> TASK STATEMENT
With pictures left out, output word for word the lines from the one containing "(a) Optical micrographs" through the end of the material below.

> DATASET CONTENT
+++
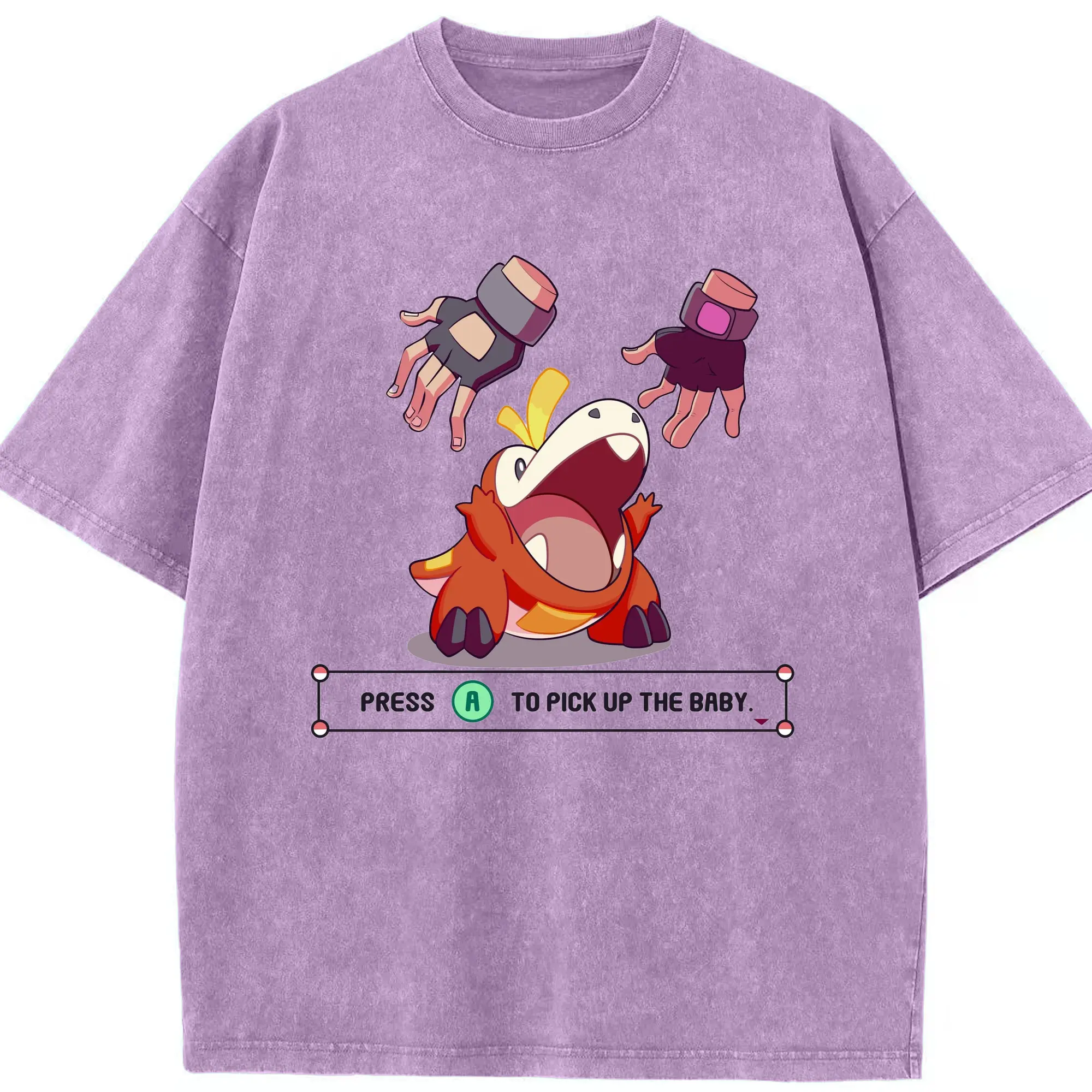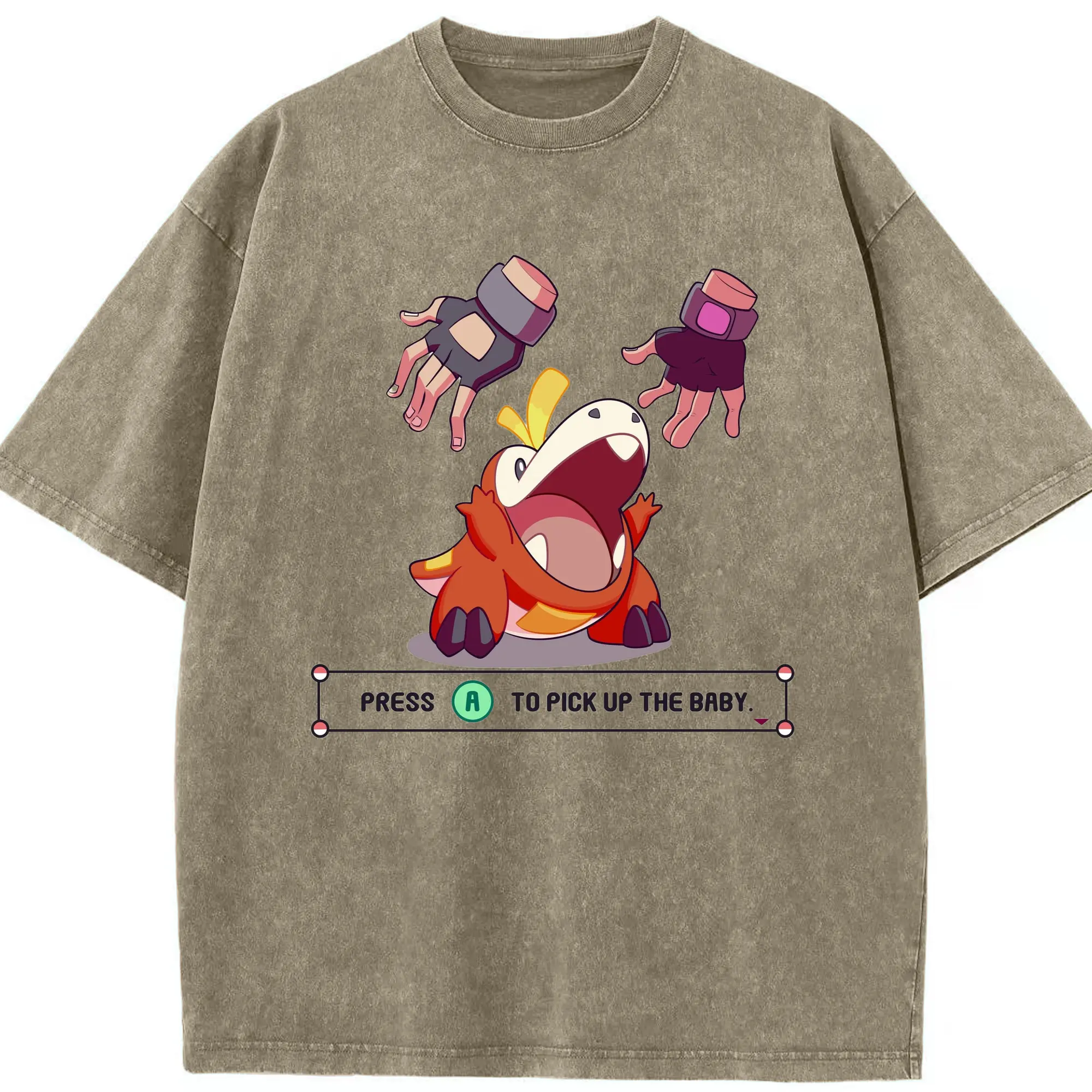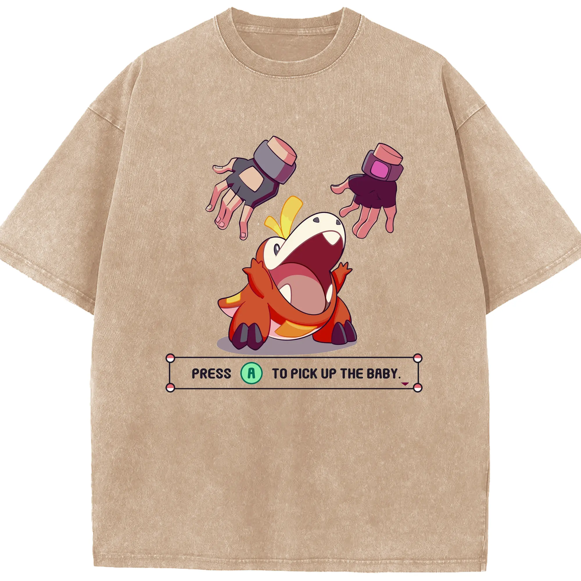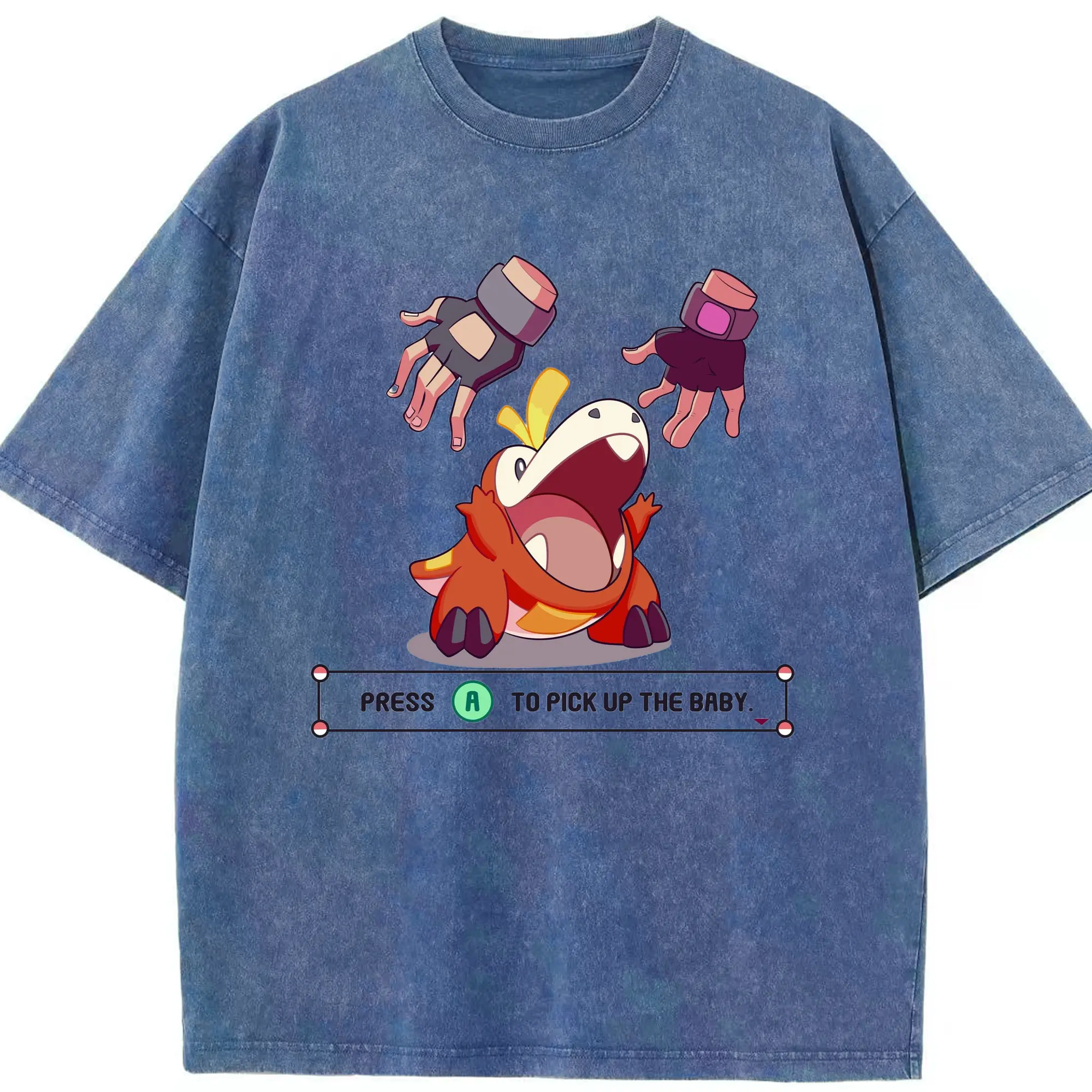 Men's Pokemon Fuecoco T-Shirt - Washed Vintage Look 230g Cotton Oversized T-Shirt With Front Heat Transfer Print – Soft, Lightweight, Stylish Fit – Comfortable Casual Wear For Sports & Everyday Use
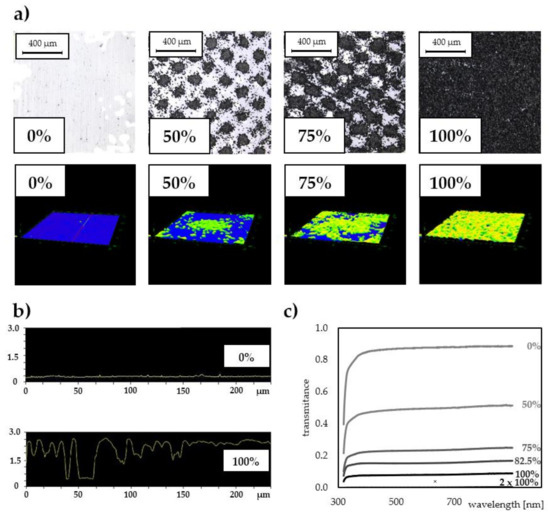 (a) Optical micrographs of toner surfaces printed on PET foils at different grayscale levels (0–100%) (top row); topographies of single toner islets at higher magnification imaged in 3D with a laser microscope (bottom row). (b) Cross-sectional profiles of PET (pristine) and PET@toner at 100% grayscale level. (c) Transmittance spectra of toner-covered foils printed at various grayscale levels (0%, 50%, 75%, 82.5%, 100%, 2 × 100%) registered in the range 300–900 nm.
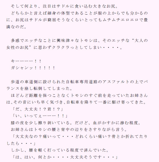 ○学3年生のトモシは、目の前を走る自転車に乗った女性に釘づけになっていた。
+++
> ANSWER
 (a) Optical micrographs of toner surfaces printed on PET foils at different grayscale levels (0–100%) (top row); topographies of single toner islets at higher magnification imaged in 3D with a laser microscope (bottom row). (b) Cross-sectional profiles of PET (pristine) and PET@toner at 100% grayscale level. (c) Transmittance spectra of toner-covered foils printed at various grayscale levels (0%, 50%, 75%, 82.5%, 100%, 2 × 100%) registered in the range 300–900 nm.
 ○学3年生のトモシは、目の前を走る自転車に乗った女性に釘づけになっていた。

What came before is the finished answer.